◆ **Record extracts**
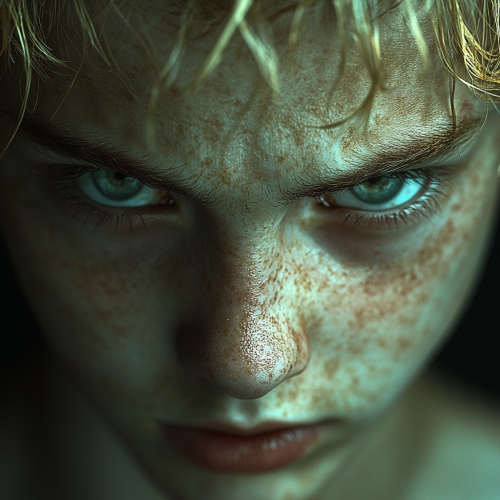 Photorealistic hd resolution image of a bad person. Young vilain psychopath. Angular face. Hawk aquiline nose. Flat blond hair. Very coward face. Bad evil eyes. Arrogant smile. --s 750
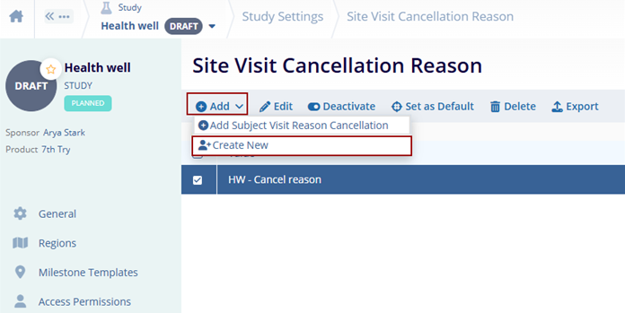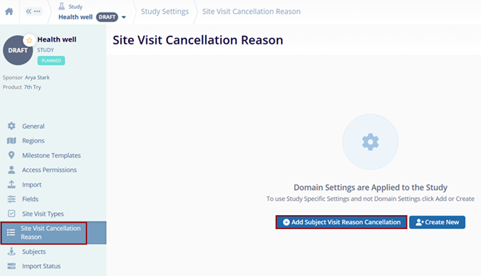 - On the Study Settings screen, click on the Site Visit Cancellation Reason option from the left-hand navigation pane.
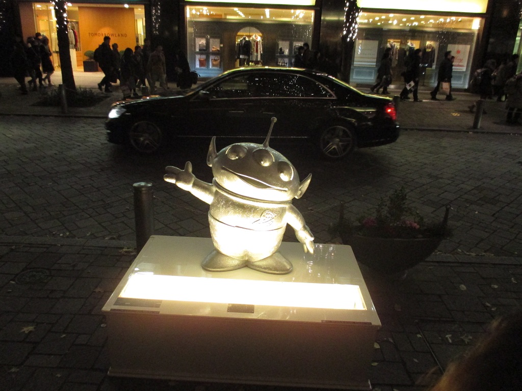 青色LEDの光がきらめく中、今年はディズニーキャラクターが配置され、多くの方々が足を止め、記念撮影をしていました。
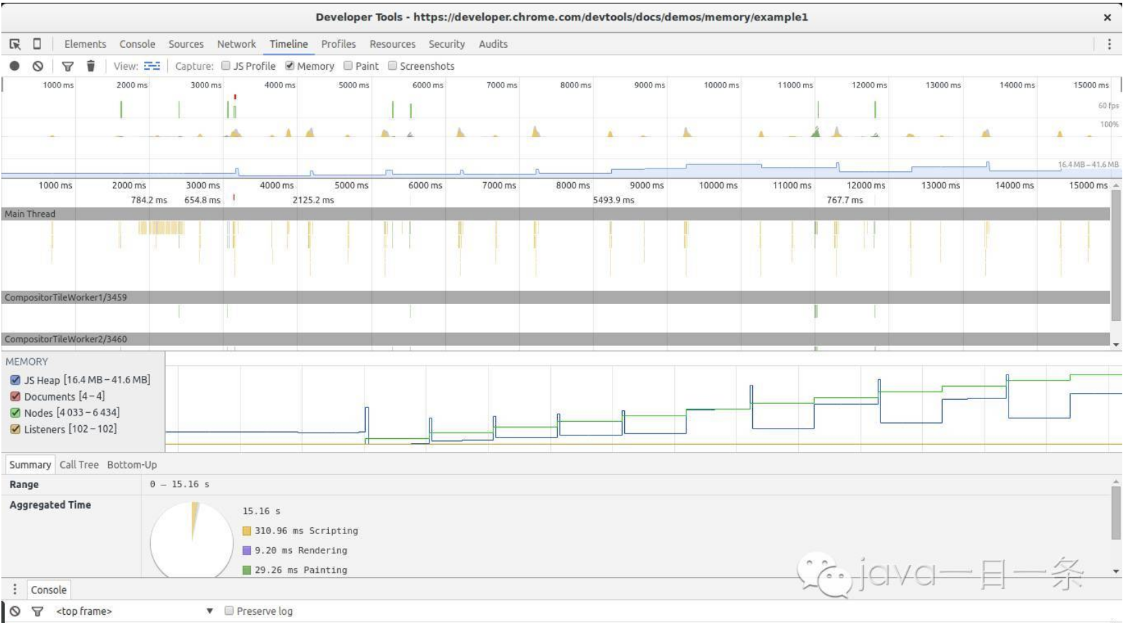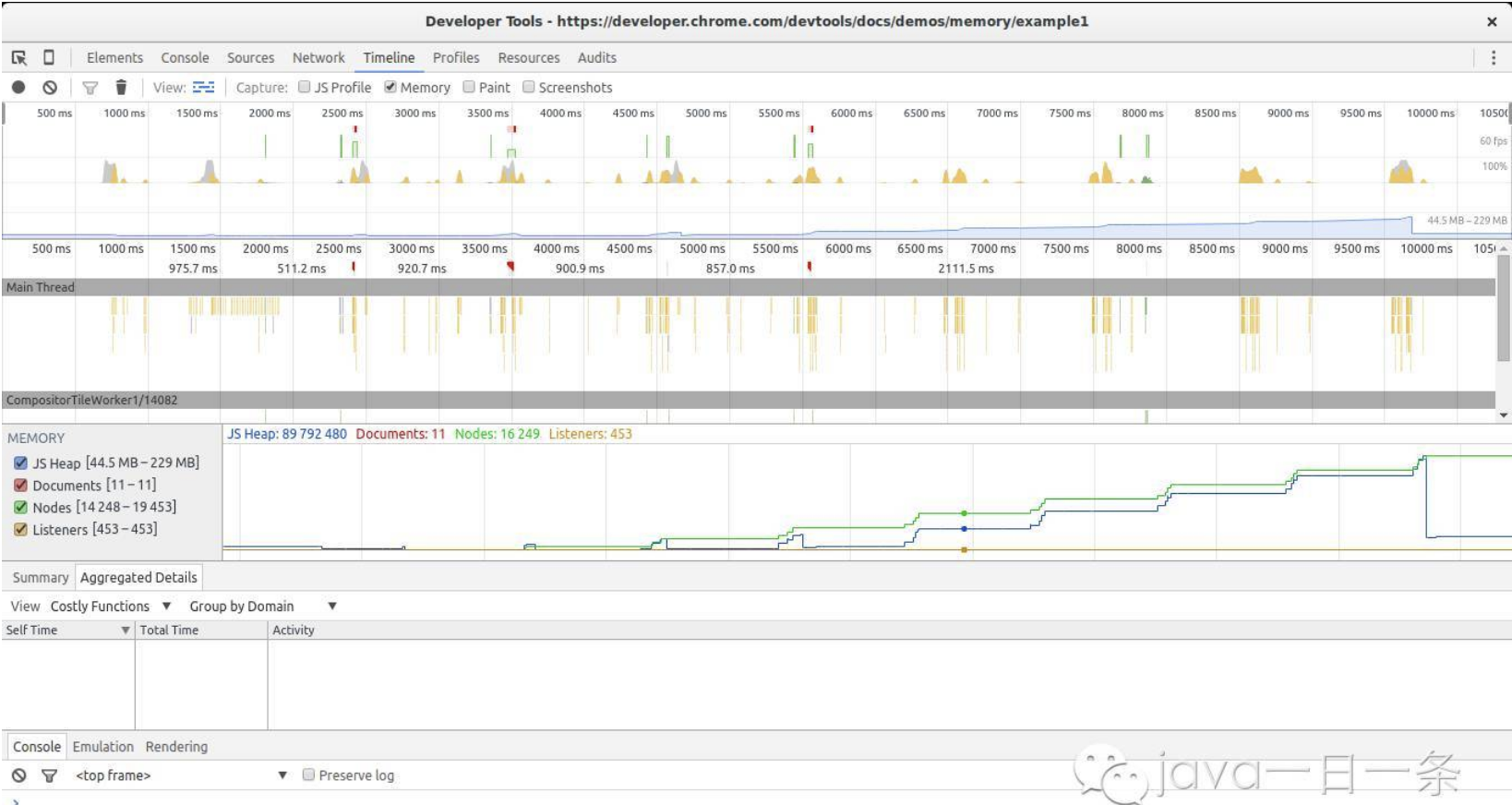 timeline 可以检测代码中不需要的内存。在此截图中,我们可以看到潜在的泄露对象稳定的增长,数据采集快结束时,内存占用明显高于采集初期,Node(节点)的总量也很高。种种迹象表明,代码中存在 DOM 节点泄露的情况。
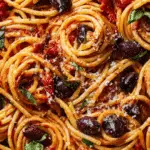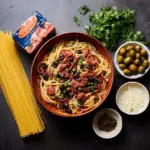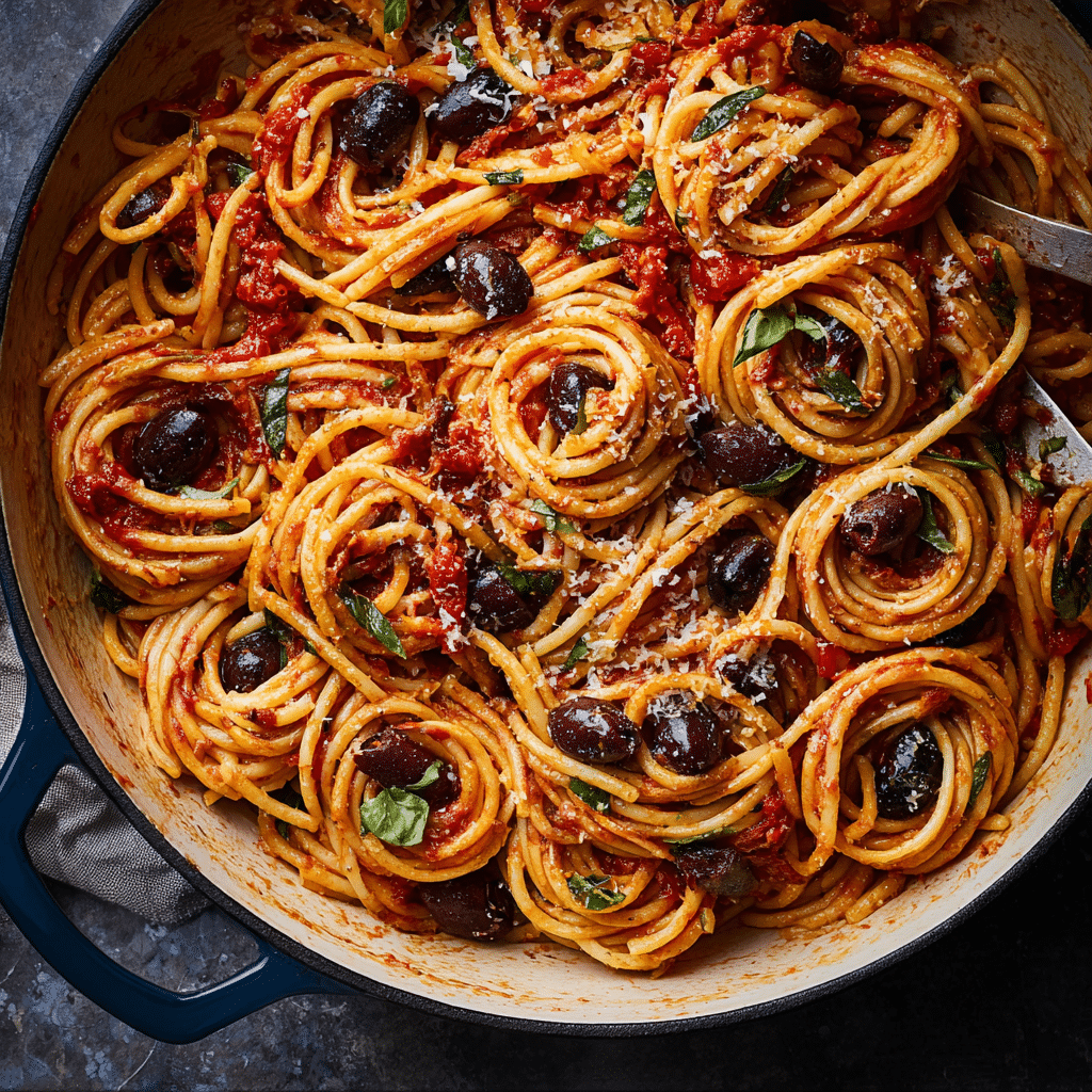 Pasta Puttanesca is a bold and savory Italian pasta dish made with tomatoes, olives, capers, anchovies, and garlic. This easy Pasta Puttanesca recipe delivers vibrant Mediterranean flavors in under 30 minutes, making it the perfect quick weeknight dinner using simple pantry ingredients.

◆ **Brief**
Everything from the line containing "青色LEDの光がきらめく中、" to the last line of the listing above must be reproduced exactly, with no pictures included.

◆ **Completed exercise**
 青色LEDの光がきらめく中、今年はディズニーキャラクターが配置され、多くの方々が足を止め、記念撮影をしていました。
 timeline 可以检测代码中不需要的内存。在此截图中,我们可以看到潜在的泄露对象稳定的增长,数据采集快结束时,内存占用明显高于采集初期,Node(节点)的总量也很高。种种迹象表明,代码中存在 DOM 节点泄露的情况。
 Pasta Puttanesca is a bold and savory Italian pasta dish made with tomatoes, olives, capers, anchovies, and garlic. This easy Pasta Puttanesca recipe delivers vibrant Mediterranean flavors in under 30 minutes, making it the perfect quick weeknight dinner using simple pantry ingredients.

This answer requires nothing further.